In 2018, Russo entered the season as the backup but gained the starting position by week two and lead the team to a 7–3 record—only missing the season finale before returning for the bowl game. He threw his first-career touchdown against Maryland. Against Heisman candidate McKenzie Milton and UCF, he threw for a career-high 52 pass attempts, 31 pass completions, 444 passing yards, four passing touchdowns, twelve rush attempts, and 46 rushing yards.
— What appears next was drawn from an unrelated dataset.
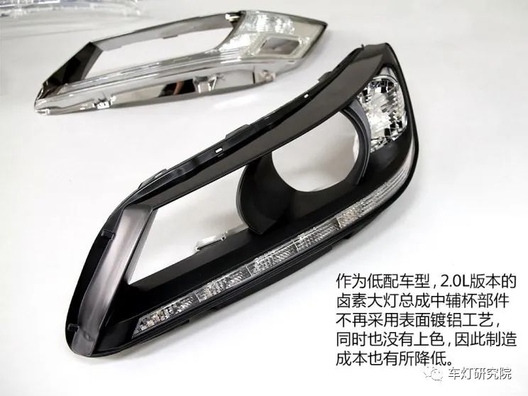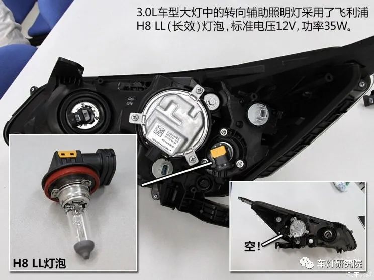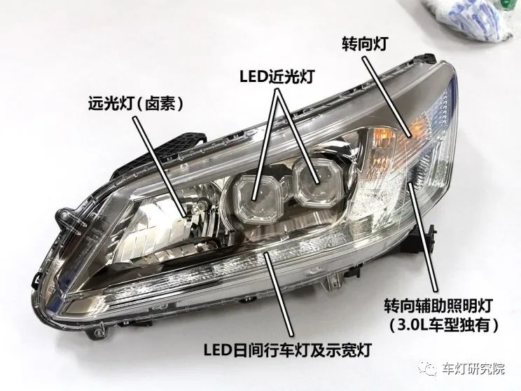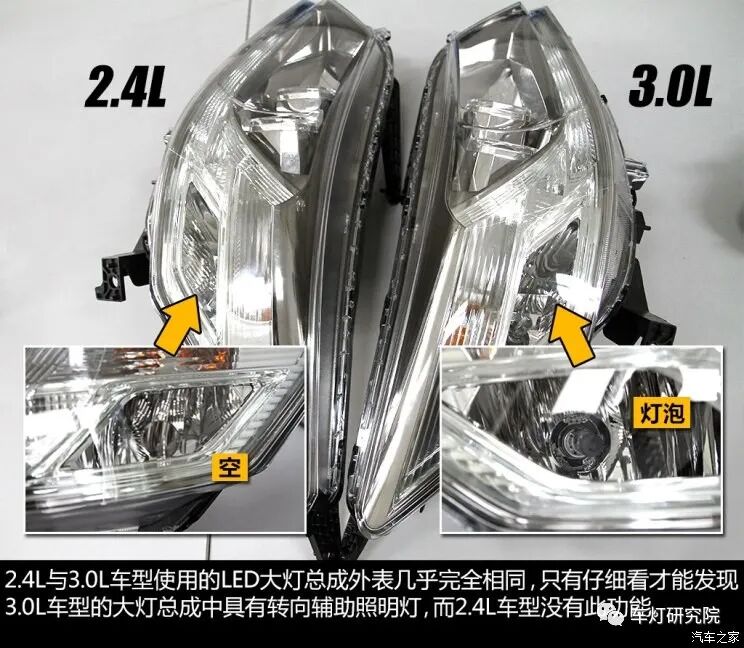 对于顶配3.0L车型上采用的大灯总成,与2.4L车型的区别主要有两点:1.配有转向辅助照明灯;2.由于3.0L车型具有独立的LED日间行车灯,原2.4L车型上LED日行灯及示宽灯模块仅作示宽灯用。其它部分两款总成则完全相同。

The team lost the 2018 Independence Bowl 27–56.

In 2019, Russo started every game for the Owls; leading the team to an 8–5 record.

In 2020, Russo was named to the Golden Arm Award watchlist. He started the first three games of the season before an injury and COVID-19 ended his season early. On December 3, 2020, Russo announced he would transfer from Temple.

=== Michigan State ===
In 2021, Russo transferred to Michigan State University and competed with, and lost to, Payton Thorne for the starting position. He played in two games for the Spartans: Ohio State and Youngstown State. In his debut against Youngstown State he came in relief and completed five of his seven pass attempts for 43 yards.

=== Statistics ===

| Year | Team | Games |  | Passing |  |  |  |  |  |  |  | Rushing |  |  |  |
| GP | Record | Comp | Att | Pct | Yards | Avg | TD | Int | Rate | Att | Yards | Avg | TD |
| 2016 | Temple | DNP |  |  |  |  |  |  |  |  |  |  |  |  |  |  |
| 2017 | Temple | 1 | 0–0 | 0 | 0 | 0.0 | 0 | 0.0 | 0 | 0 | 0.0 | 0 | 0 | 0.0 | 0 |
| 2018 | Temple | 11 | 7–3 | 198 | 345 | 57.4 | 2,563 | 7.4 | 14 | 14 | 125.1 | 43 | 63 | 1.5 | 3 |
| 2019 | Temple | 13 | 8–5 | 246 | 419 | 58.7 | 2,861 | 6.8 | 21 | 12 | 126.9 | 35 | -64 | -1.8 | 2 |
| 2020 | Temple | 3 | 1–2 | 92 | 135 | 68.1 | 868 | 6.4 | 9 | 6 | 135.3 | 22 | 31 | 1.4 | 2 |
| 2021 | Michigan State | 2 | 0–0 | 7 | 9 | 77.8 | 43 | 4.8 | 0 | 0 | 117.9 | 3 | 10 | 3.3 | 0 |
| Career |  | 30 | 16−10 | 543 | 908 | 59.8 | 6,335 | 6.4 | 44 | 32 | 127.4 | 103 | 40 | 0.4 | 7 |

== Professional career ==

Pre-draft measurables
| Height | Weight | Arm length | Hand span | 40-yard dash | 10-yard split | 20-yard split | 20-yard shuttle | Three-cone drill | Vertical jump | Broad jump |
| 6 ft 3 in (1.91 m) | 239 lb (108 kg) | 31+1⁄2 in (0.80 m) | 9+3⁄8 in (0.24 m) | 4.95 s | 1.76 s | 2.79 s | 4.57 s | 7.51 s | 31+1⁄2 in (0.80 m) | 8 ft 10 in (2.69 m) |
All values from Pro Day

=== San Antonio Brahmas ===
On November 16, 2022, Russo was selected by the San Antonio Brahmas of the XFL in the 2023 XFL draft.

On January 22, 2023, Russo was released by the Brahmas during roster cuts.

=== Massachusetts Pirates ===
On April 1, 2023, Russo signed with the Massachusetts Pirates of the Indoor Football League (IFL). Following an injury to starter Alejandro Bennifield, Russo took over and lead the team to an undefeated season at home. He announced his retirement after the 2023 season.